Finally, the Federal Courts Act would be amended to provide that applications for judicial review of Social Security Tribunal decisions relating to extensions of time for making requests for reconsiderations under the Canada Disability Benefit Act go to the Federal Court rather than to the Federal Court of Appeal, consistent with reviews of such decisions made in relation to the Old Age Security Act, the Canada Pension Plan and the Employment Insurance Act.
The proposed amendments would come into force upon royal assent.
Key Messages
- The Canada Disability Benefit Act provides that individuals can appeal decisions made under the Act regarding ineligibility and the amount of the benefit, and other decisions that may be prescribed in regulations.
- The proposed amendments, along with regulations to be made under the Act, would establish the appeals process for the benefit.
- After first seeking a reconsideration of a decision, individuals who are dissatisfied with a decision made by the Minister under the Canada Disability Benefit Act would be able to appeal that decision to the Social Security Tribunal (SST).
- The SST would be the single window for appeals of decisions made under the Canada Disability Benefit Act. Similar to appeals under the Old Age Security Act, if a ground of the appeal is related to income, the SST would refer the appeal on that ground to the Tax Court of Canada. The SST would be responsible for hearing all grounds of appeal other than on income, for referring income-related appeals to the Tax Court of Canada, and for issuing the final decision on appeals.
- The SST has experience adjudicating benefits in the context of marginalized individuals. For example, it has implemented a navigator service to support appellants who are unrepresented. The SST also has an Income Security Appeals Consultative Committee that includes members of the external stakeholder community to exchange information and address areas of mutual concern.
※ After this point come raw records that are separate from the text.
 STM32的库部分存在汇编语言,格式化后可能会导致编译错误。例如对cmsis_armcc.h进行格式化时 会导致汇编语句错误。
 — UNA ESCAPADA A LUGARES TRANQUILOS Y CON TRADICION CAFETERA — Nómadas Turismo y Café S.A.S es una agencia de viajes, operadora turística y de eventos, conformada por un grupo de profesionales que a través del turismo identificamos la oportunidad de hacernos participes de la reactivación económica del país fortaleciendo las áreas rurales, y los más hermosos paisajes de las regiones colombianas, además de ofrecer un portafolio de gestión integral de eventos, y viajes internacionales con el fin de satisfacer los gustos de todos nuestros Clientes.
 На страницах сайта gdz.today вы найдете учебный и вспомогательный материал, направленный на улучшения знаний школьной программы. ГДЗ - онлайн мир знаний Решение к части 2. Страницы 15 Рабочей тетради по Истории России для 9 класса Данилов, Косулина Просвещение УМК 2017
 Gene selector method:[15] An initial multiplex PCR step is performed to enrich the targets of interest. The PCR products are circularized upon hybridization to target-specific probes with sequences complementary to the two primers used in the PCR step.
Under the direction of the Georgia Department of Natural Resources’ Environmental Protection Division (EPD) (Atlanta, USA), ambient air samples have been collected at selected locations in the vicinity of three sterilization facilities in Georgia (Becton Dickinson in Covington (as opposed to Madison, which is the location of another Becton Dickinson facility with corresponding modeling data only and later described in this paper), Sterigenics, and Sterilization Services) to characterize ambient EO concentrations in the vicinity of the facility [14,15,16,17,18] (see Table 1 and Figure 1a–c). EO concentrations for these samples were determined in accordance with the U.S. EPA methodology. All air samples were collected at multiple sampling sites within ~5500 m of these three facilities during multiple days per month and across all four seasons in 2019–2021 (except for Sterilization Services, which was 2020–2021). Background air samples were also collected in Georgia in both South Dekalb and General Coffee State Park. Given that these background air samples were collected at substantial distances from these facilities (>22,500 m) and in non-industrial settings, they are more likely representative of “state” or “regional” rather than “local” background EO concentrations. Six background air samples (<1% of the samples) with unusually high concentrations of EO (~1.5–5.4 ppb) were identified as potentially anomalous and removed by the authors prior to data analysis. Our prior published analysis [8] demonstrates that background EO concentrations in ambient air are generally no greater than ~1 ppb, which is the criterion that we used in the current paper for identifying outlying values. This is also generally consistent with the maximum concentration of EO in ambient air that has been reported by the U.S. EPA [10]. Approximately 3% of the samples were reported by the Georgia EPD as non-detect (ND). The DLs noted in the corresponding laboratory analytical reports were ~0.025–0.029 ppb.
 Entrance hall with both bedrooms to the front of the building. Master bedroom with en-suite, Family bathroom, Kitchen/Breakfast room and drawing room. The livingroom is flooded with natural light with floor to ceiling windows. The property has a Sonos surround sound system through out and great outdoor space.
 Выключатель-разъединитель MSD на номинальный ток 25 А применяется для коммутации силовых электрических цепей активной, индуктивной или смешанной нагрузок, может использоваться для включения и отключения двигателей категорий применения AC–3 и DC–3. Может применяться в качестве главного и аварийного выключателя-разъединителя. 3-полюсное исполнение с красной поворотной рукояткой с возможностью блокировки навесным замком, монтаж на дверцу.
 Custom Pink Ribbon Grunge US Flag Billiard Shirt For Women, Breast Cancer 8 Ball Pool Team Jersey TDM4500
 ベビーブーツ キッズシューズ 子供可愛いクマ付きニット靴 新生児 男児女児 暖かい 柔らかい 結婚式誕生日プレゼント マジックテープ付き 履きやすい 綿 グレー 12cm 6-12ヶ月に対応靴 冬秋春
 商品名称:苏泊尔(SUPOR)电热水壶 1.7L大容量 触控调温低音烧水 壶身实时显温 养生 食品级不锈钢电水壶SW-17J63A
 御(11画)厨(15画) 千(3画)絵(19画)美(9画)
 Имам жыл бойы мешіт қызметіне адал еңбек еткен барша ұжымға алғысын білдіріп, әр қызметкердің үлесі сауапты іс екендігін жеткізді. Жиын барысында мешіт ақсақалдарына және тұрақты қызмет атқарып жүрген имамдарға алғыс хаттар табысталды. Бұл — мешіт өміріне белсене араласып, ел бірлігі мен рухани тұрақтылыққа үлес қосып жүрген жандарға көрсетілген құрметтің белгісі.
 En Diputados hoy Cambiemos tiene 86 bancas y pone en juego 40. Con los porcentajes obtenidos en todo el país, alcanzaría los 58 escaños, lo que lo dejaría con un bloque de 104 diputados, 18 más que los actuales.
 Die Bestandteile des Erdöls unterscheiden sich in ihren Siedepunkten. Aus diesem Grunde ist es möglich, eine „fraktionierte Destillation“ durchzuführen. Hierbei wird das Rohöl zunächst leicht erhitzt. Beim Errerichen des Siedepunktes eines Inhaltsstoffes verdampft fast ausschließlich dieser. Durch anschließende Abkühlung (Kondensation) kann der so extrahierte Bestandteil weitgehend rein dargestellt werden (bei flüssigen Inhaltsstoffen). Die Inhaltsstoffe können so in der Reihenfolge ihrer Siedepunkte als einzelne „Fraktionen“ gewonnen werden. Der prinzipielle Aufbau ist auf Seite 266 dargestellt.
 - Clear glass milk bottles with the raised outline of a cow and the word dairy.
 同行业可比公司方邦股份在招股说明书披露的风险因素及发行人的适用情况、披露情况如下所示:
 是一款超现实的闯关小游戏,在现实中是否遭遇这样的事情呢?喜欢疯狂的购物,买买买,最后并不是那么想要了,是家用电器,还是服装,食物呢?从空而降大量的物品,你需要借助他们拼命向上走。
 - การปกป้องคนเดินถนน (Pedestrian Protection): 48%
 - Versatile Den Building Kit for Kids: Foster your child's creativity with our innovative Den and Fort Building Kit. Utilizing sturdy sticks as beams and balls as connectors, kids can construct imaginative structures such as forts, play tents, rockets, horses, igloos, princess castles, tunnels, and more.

- In addition to providing authority to the Tax Court of Canada to hear income-related references from the Social Security Tribunal in respect of appeals made under the Canada Disability Benefit Act, the proposed amendments would provide that such references proceed using the Tax Court's informal procedure, which aims to minimize and simplify the steps in the appeals process.
- Also included among the proposed amendments is an amendment to the Federal Courts Act. This amendment provides that applications for judicial review of SST decisions relating to extensions of time for making requests for reconsiderations under the Canada Disability Benefit Act go to the Federal Court rather than to the Federal Court of Appeal. This is consistent with reviews of such decisions made in relation to the Canada Pension Plan, the Old Age Security Act and the Employment Insurance Act.
Questions & Answers
Q. What is the purpose of the proposed amendments?
A. The Canada Disability Benefit Act provides that individuals can appeal decisions made under the Act regarding ineligibility and the amount of the benefit, and other decisions that may be prescribed.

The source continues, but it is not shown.